In order to craft their current roster, featuring both veteran leadership and a transition to younger talent, the Dodgers absorbed one of the Cubs' sunk costs, then let their high-priced former MVP listen to Chicago's overtures.

So far, both decisions have had pleasant ripple effects in Los Angeles, while Chicago has borne the brunt of a pair of paychecks.

Cody Bellinger's cost finally became too much for the Dodgers to absorb this offseason after yet another below-average 2022 season (and it doesn't sound as if the end of the relationship was particularly pleasant). He was eventually snapped up by the Cubbies on a one-year, $17.5 million deal with a mutual option for 2024 (and potentially mutually-assured destruction, depending on how 2023 goes). Bellinger recorded one hit (a home run, of course) through the first 15 at-bats of his season.

In Bellinger's spot, the Dodgers have decided to roll with top prospect James Outman, a decision that has paid immediate dividends. For moral support (and rocking a revamped swing), they also decided to import Freddie Freeman's old Braves teammate Jason Heyward. You might also remember Heyward from his Cubs non-tender, a decision that saddled Chicago with over $20 million in additional debt. So far? Very good.

Dodger stars James Outman, Jason Heyward cost nothing compared to Cubs' payroll concerns

Almost $39 million of cash on the Cubbies' books?! With that kind of leftover dough, the Dodgers could afford nearly 10 more James Outmans and 10 more Jason Heywards.

Though the season is young, Outman appears to have all the potential in the world to surpass Bellinger's recent production, landing in a beautiful middle ground between MVP-level dominance and unplayable sadness. He's gone 4-for-12 with a homer to start the season after going 6-for-13 with a bomb in limited duty last year. Why was his duty so limited?! Ah, right. Bellinger.

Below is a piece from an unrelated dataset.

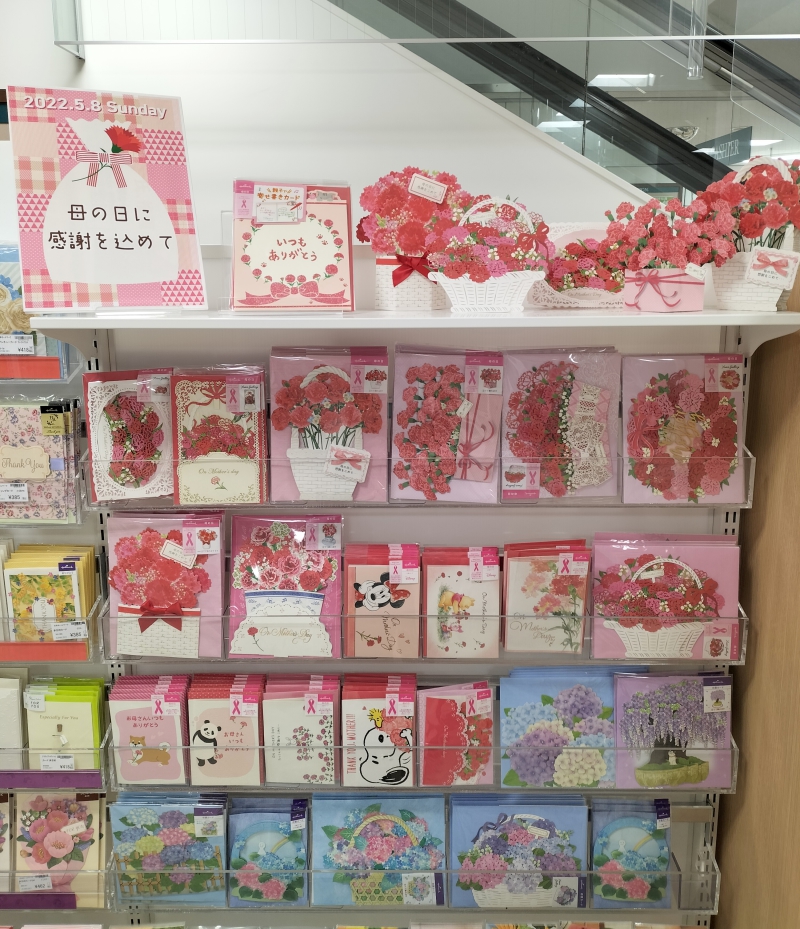 文具コーナーでは、母の日にぴったりのカーネーションのメッセージカードを揃えています。お母さんや普段お世話になっている大切な方へ、普段なかなか言えない「ありがとう」の感謝の気持ちをメッセージカードで伝えてみませんか。
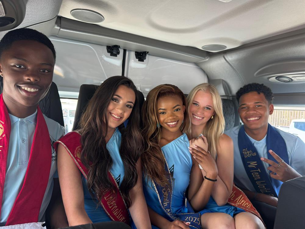 Suid-Afrika se ambassadeurs op pad na hul hotel vanaf die lughawe, voor die kompetisie: Joshua Jansen, Sharica Bondesio, Lesedi Molise, Liandri Lamprecht en Mhlengi Khuzwayo.

Meanwhile, Heyward also sports a resurgent small-sample-size 1.119 OPS with a blast and three RBI in six at-bats, and we thank Chicago very much for telling their most famous Rain Delay Orator of All Time to take a hike.

Money well spent on paying him to play for somebody else while adding Dansby Swanson and remaining a .500-ish team (and losing Willson Contreras to the Cardinals) for sure.